When Monday morning came, Ryan asked if I could handle things on my own. Since over the weekend our two fussy and hot babies had kept us both hopping all day and night long, I wasn’t sure. But they both had fevers right off and my plan was to drag them in to be seen again (two nurse line calls had gotten me no more information than I had had in the blearily hours of a sleepless night). Deciding I could handle two listless babies in a car, I told him to go.

Our regular doctor quickly confirmed that Jada had a double ear infection as well, though not nearly as advanced as Twila’s. She also shook her head in alarm at the fact that Twila’s fever had persisted through three days of Amoxicillin. After rechecking Twila’s ears she said that the drug had not even touched the infection. She instructed me to discontinue its use and prescribed a stronger antibiotic.

Back at Target, both my girls huddled in the cart, eyes wet and glassy, hacking up a lung and radiating heat.

All day Monday Twila lay nestled in our bed, coming in and out of consciousness as I fed her bites of fruit and crackers and sips of water. Jada stayed in my arms, or sat on the floor bawling until I could pick her up again. As the motrin worked its magic on Twila she wanted food but was still very sensitive and wined when Jada touched her, called me back each time I stepped out of the room (usually when I had just reached the other end of the house) and both girls needed everything right now. At two o’ clock, I was done running back and forth, trying to keep the girls apart but happy, fed and comforted. I called Ryan asking him to come home.
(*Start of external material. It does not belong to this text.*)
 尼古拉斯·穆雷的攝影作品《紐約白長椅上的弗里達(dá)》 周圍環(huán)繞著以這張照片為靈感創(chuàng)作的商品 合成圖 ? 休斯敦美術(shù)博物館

Today brings more of the same. Over the last four days, they have kept each other awake. No one had taken a decent nap. As one of them would doze off, the other would scream for something or cry out in frustration or pain from a cough and wake the other up. But today, after a visit through The Culver’s drive through lane, Twila fell asleep in the car. After she was loaded into my bed, I walked Jada around her room, laying her down occasionally and patting her back until she too was asleep. Now, almost two hours later as they both sleep, I enjoy the first quiet and peace I’ve had day or night in almost three weeks. It doesn’t even matter that I haven’t showered today; the silence refreshes me more than hot water could.
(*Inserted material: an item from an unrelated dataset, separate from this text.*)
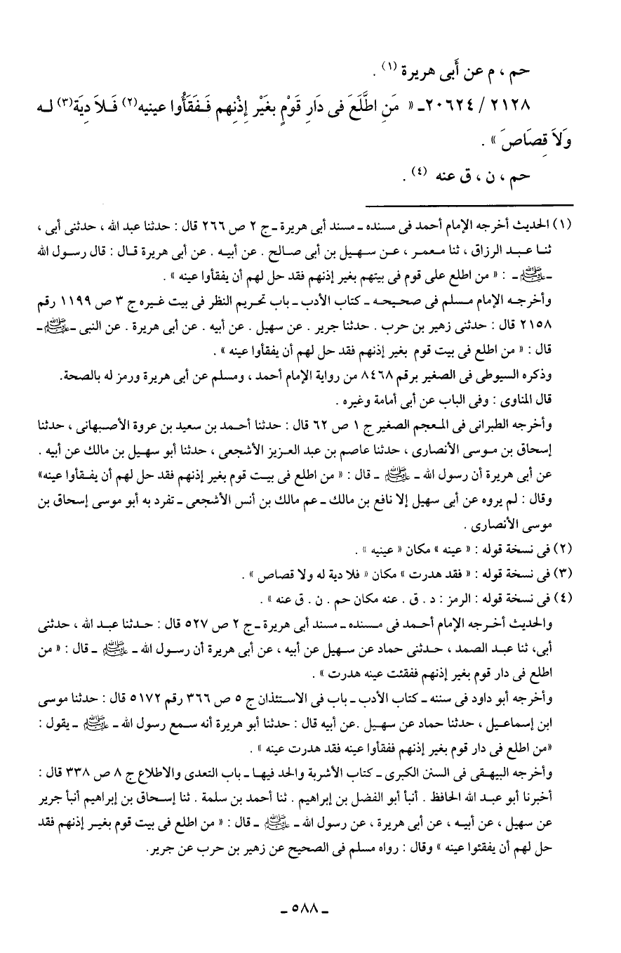 (¬1) الحديث أخرجه الإمام أحمد في مسنده -مسند أبي هريرة- ج 2 ص 266 قال: حدثنا عبد الله، حدثني أبي، ثنا عبد الرزاق، ثنا معمر، عن سهيل بن أبي صالح. عن أبيه. عن أبي هريرة قال: قال رسول الله - صلى الله عليه وسلم -: "من اطلع على قوم في بيتهم بغير إذنهم فقد حل لهم أن يفقأوا عينه".

I try to enjoy it. I try to enjoy the silence, the lack of wining and fighting and calling out demands. I try to enjoy that I can sit in one place for more than thirty seconds without being summoned to come help in the bathroom, take back a toy on someone’s behalf, make a snack, clean-up a spill. But I can’t help but wonder and worry as I sit here: is this a foretaste of what is to come this winter? Last winter was very difficult for us. Each week seemed to bring a new virus. But these last three weeks have been the first stretch of time I’ve known as a mother that ushered in layers of viruses. Pink eye, bronchitis, ear infections, possible pneumonia now, my doctor warned yesterday. All these infections and sicknesses are piling on to my children all at once.

It doesn’t seem fair. Aren’t I doing everything I can to keep them well? We eat well, we take vitamins, they get lots of sleep, we wash our hands. As their doctor told me yesterday, “you’re doing all you can except keep them in a bubble.”

I know she was joking but as I look down the long dark hall of what this winter may bring, I consider for the first time in two years quitting the gym and homeschooling.

As they sleep, I am afforded for the first time some perspective. I actually miss their energy in this silence. Not their sick, unhappy, miserable energy but their joyful, buoyant, healthy humor and fun. I miss their antics in the aisles at Target and their ability to make each other laugh. I miss listening to them playing games and running around the house.

As I sit in silence I send up prayers spoken and unspoken that ‘energy and antics’ and not the worry and wining of these past four days will be our norm this winter.